Shipwrecks lead to new beginnings, says Pope aboard plane to Malta

Shipwrecks lead to new beginnings, says Pope aboard plane to Malta

Shipwrecks lead to new beginnings, says Pope aboard plane to Malta


Speaking to journalists aboard the flight to Malta on Saturday afternoon, Pope Benedict offered insight into his reasons for choosing to travel to the Mediterranean island. He also sent a message of hope to the Church, saying that "shipwrecks" can provide a new start in life and that the wounds of the Church can be healed through the Gospel.

The Holy Father offered an instructional catechesis while listing the essential reasons for his visit to Malta.

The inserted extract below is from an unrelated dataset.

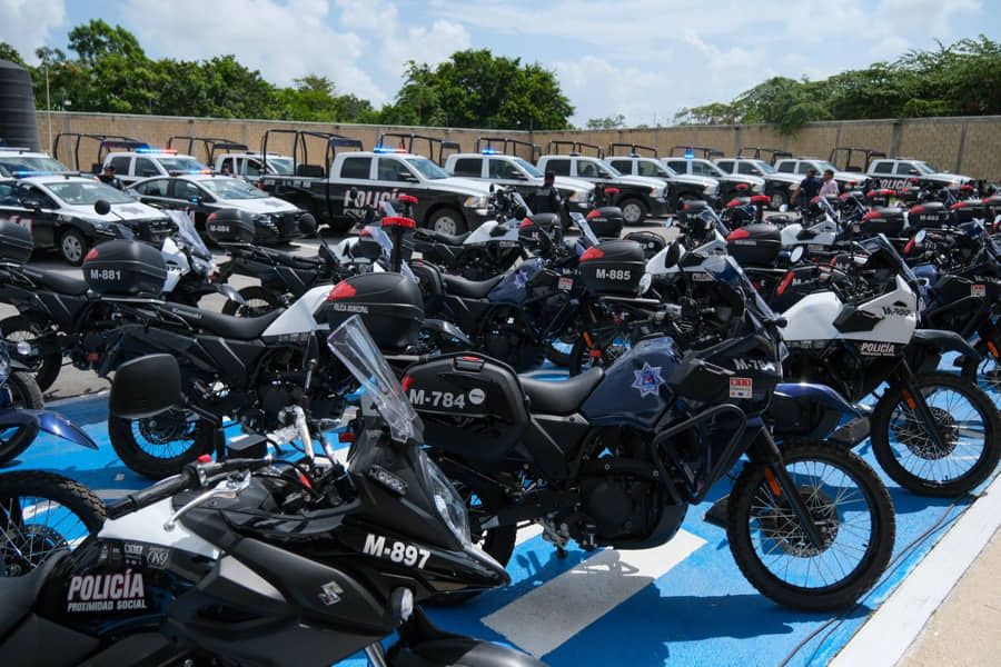 Mara Lezama entregó las llaves de 66 vehículos tipo patrulla y 226 armas para uso de las y los elementos de la Secretaría de Seguridad Pública y Tránsito de Benito Juárez. El parque vehicular incluye 35 pickups, 20 motocicletas, 4 cuatrimotos, 6 sedanes y 1 ambulancia, adicionalmente el Ayuntamiento sumó 14 motocicletas para ampliar las áreas de vigilancia.
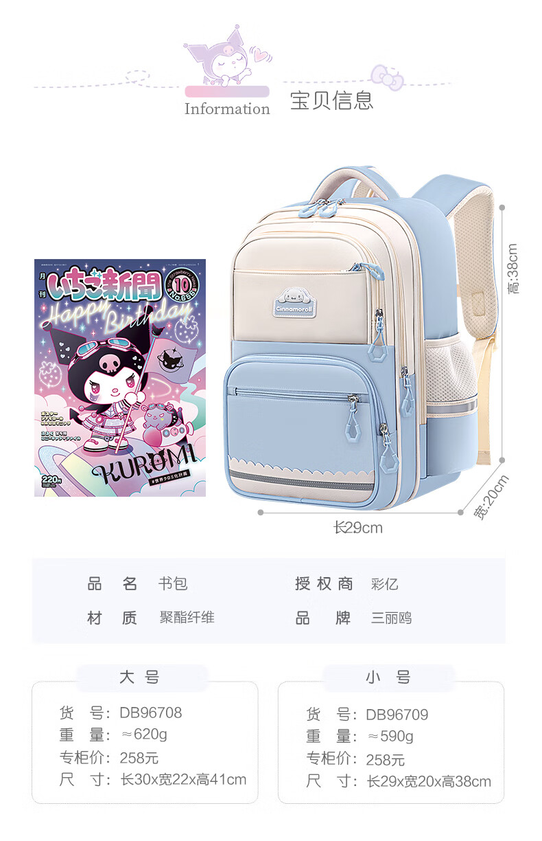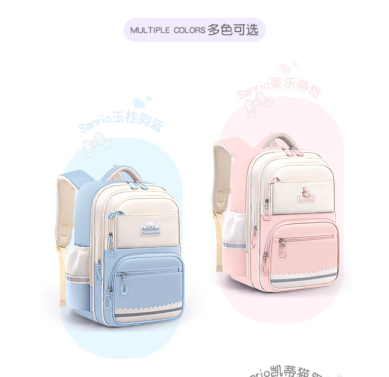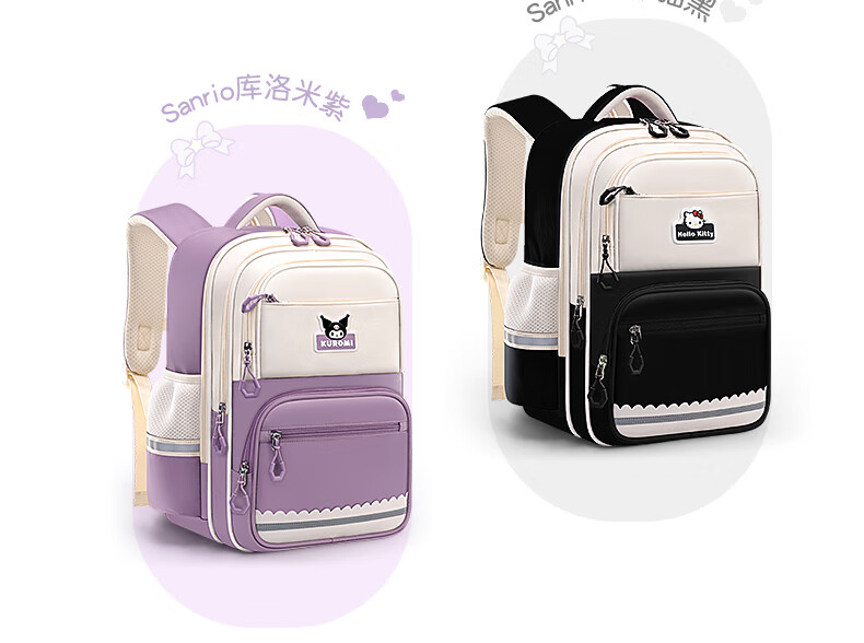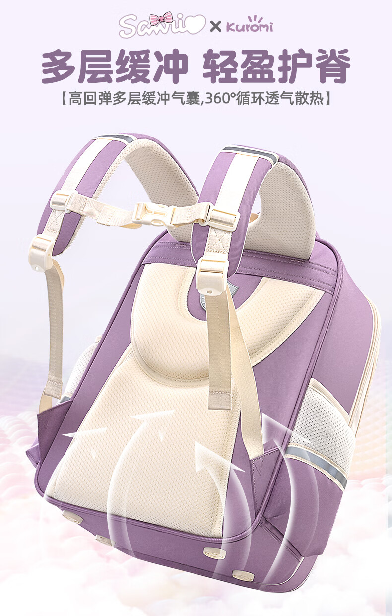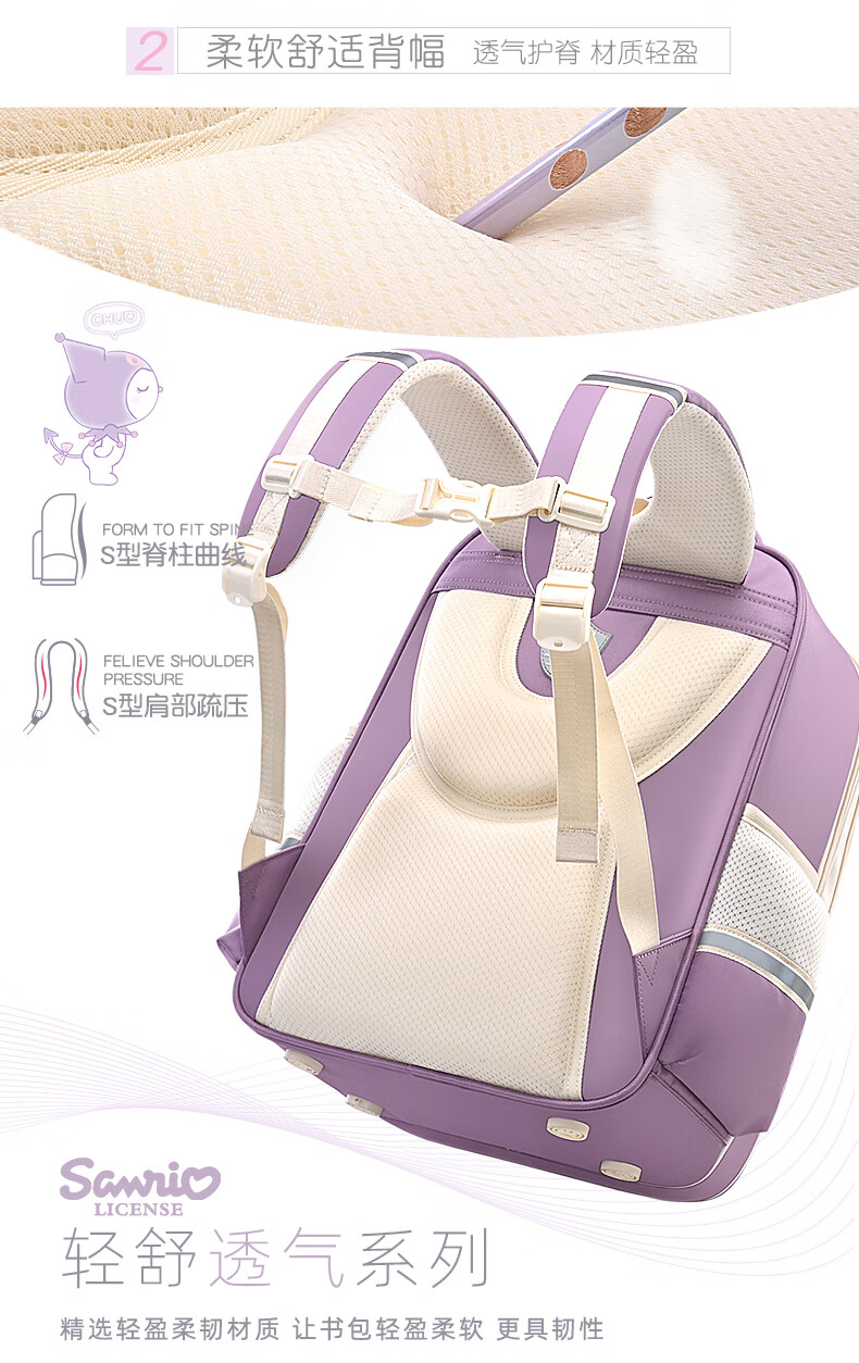 Hello Kitty primary school children's schoolbag girls 1st, 3rd to 6th grade high-looking spine protection water-repellent lightweight breathable backpack 96709 Kuromi purple large size 4-6th grade

The 1,950th anniversary of St. Paul's shipwreck, he said, provided an occasion to throw "light on the important figure of the Apostle to the Gentiles and his message." This message, the Pope added, can be seen in its essence in St. Paul's words to the Galatians:"Faith expressed in charity."

"Faith," he highlighted, is "the relationship with God which then transforms itself into charity" and continues to have importance for us today. Recalling the gift of faith in Malta which resulted from St. Paul's shipwreck, Pope Benedict said that we can also see that "the shipwrecks of life can be part of God's project for us, and can be useful for a new beginning to our lives."

The next reason the Pope offered for his decision was that he was "glad to be in the midst of a lively Church such as that in Malta, which even today is rich in vocations, which is full of faith and responds to the challenges of our time."

He added, "I am aware that Malta loves Christ and loves His Church which is His Body, and that it knows that, even if this body is wounded by our sins, the Lord still loves His Church ...and His Gospel is the true force that purifies and heals."

The final underlying reason for having chosen Malta as the destination of his first pastoral visit of the year was its position as an entry point for "waves of refugees" from Africa. This being a "great problem of our time" which cannot be confronted by Malta alone, he expressed the need for a unified response to the challenge of giving people a dignified life, both "in their own land" or "here."

Malta, said the Pope, reminds us of these problems and also reminds us that "faith is the force which leads to charity, which allows us to respond well to these challenges."

The Holy Father arrived in Malta on Saturday evening and will be returning to Rome at around 7 PM local Maltese time.